--- Task details ---
Please transcribe only the lines between the one containing "在臨沂的崗位中報(bào)名" and the end of the records, both ends included, exactly as written; skip every picture.

Stored records:
== == ==
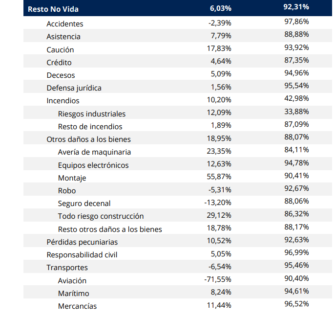 Además, los seguros ligados al mundo empresarial y que se engloban dentro de Resto No Vida, firmaron 3.366 millones con una mejora de algo más del 6%.
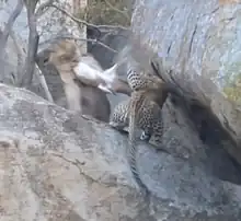 - 1 2 3 Balme, G. A.; Miller, J. R. B.; Pitman, R. T.; Hunter, L. T. B. (2017). "Caching reduces kleptoparasitism in a solitary, large felid". Journal of Animal Ecology. 86 (3): 634–644. Bibcode:2017JAnEc..86..634B. doi:10.1111/1365-2656.12654. PMID 28217865.
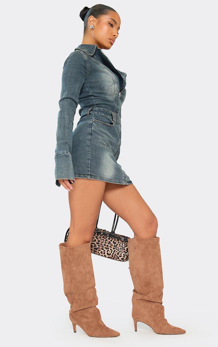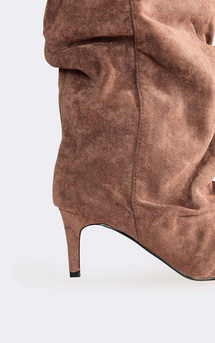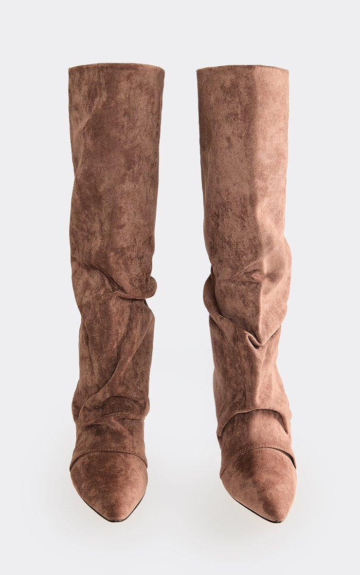 Cave Pointed Toe Slouched Detail Knee High Boot In Brown Faux Suede
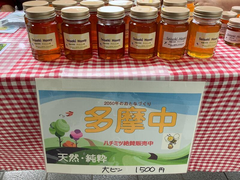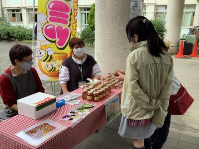学校公開に合わせて、地域学校協働本部の方々のご協力で多摩中の養蜂活動で採れたハチミツの販売を職員玄関前で行っています。体育祭の時に購入いただけなかった方は、是非お越しください。
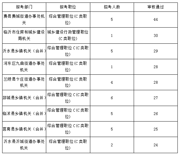 在臨沂的崗位中報(bào)名人數(shù)前三位的分別是費(fèi)縣費(fèi)城街道辦事處機(jī)關(guān)、臨沂市住房和城鄉(xiāng)建設(shè)局機(jī)關(guān)、沂水縣鄉(xiāng)鎮(zhèn)機(jī)關(guān)(合并),報(bào)名人數(shù)分別為44人、30人、29人,其中報(bào)名人數(shù)最多的費(fèi)縣費(fèi)城街道辦事處因招考條件寬泛,只要求大專以上學(xué)歷,其他條件均不限,報(bào)名人數(shù)目前居于榜首,后期會不會成為臨沂之最,我們可以一起關(guān)注。
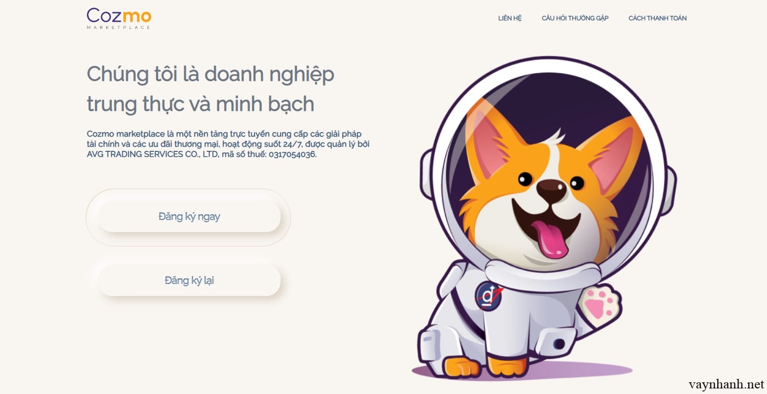 - CozmoMoney là nền tảng tư vấn và cung cấp các giải pháp tài chính trực tuyến 24/7, hoạt động do Công ty TNHH THƯƠNG MẠI DỊCH VỤ AVG, mã số thuế: 0317511814.
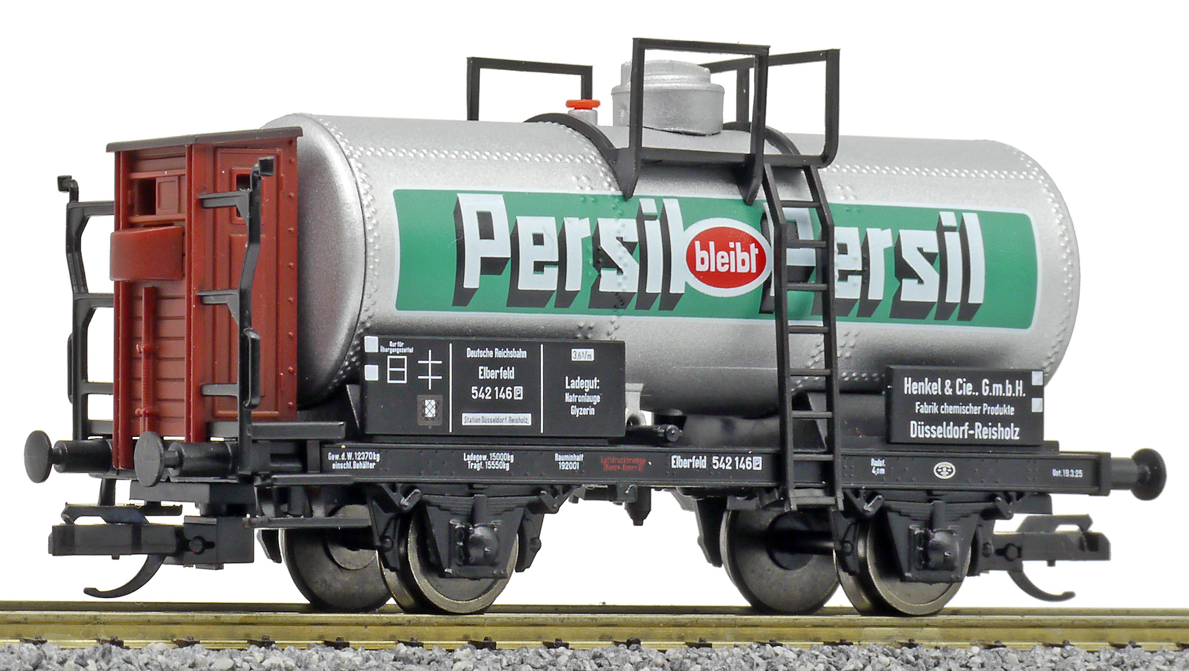 | kotlový nákladní vůz stříbrný s brzdařskou budkou „Persil“ |
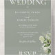 An all-in-one sage green wedding invitation featuring pretty greenery floral typography. The invitation includes a perforated RSVP card with your wedding website QR code. Designed by Thisisnotme©
== == ==
--- Reply ---
 在臨沂的崗位中報(bào)名人數(shù)前三位的分別是費(fèi)縣費(fèi)城街道辦事處機(jī)關(guān)、臨沂市住房和城鄉(xiāng)建設(shè)局機(jī)關(guān)、沂水縣鄉(xiāng)鎮(zhèn)機(jī)關(guān)(合并),報(bào)名人數(shù)分別為44人、30人、29人,其中報(bào)名人數(shù)最多的費(fèi)縣費(fèi)城街道辦事處因招考條件寬泛,只要求大專以上學(xué)歷,其他條件均不限,報(bào)名人數(shù)目前居于榜首,后期會不會成為臨沂之最,我們可以一起關(guān)注。
 - CozmoMoney là nền tảng tư vấn và cung cấp các giải pháp tài chính trực tuyến 24/7, hoạt động do Công ty TNHH THƯƠNG MẠI DỊCH VỤ AVG, mã số thuế: 0317511814.
 | kotlový nákladní vůz stříbrný s brzdařskou budkou „Persil“ |
 An all-in-one sage green wedding invitation featuring pretty greenery floral typography. The invitation includes a perforated RSVP card with your wedding website QR code. Designed by Thisisnotme©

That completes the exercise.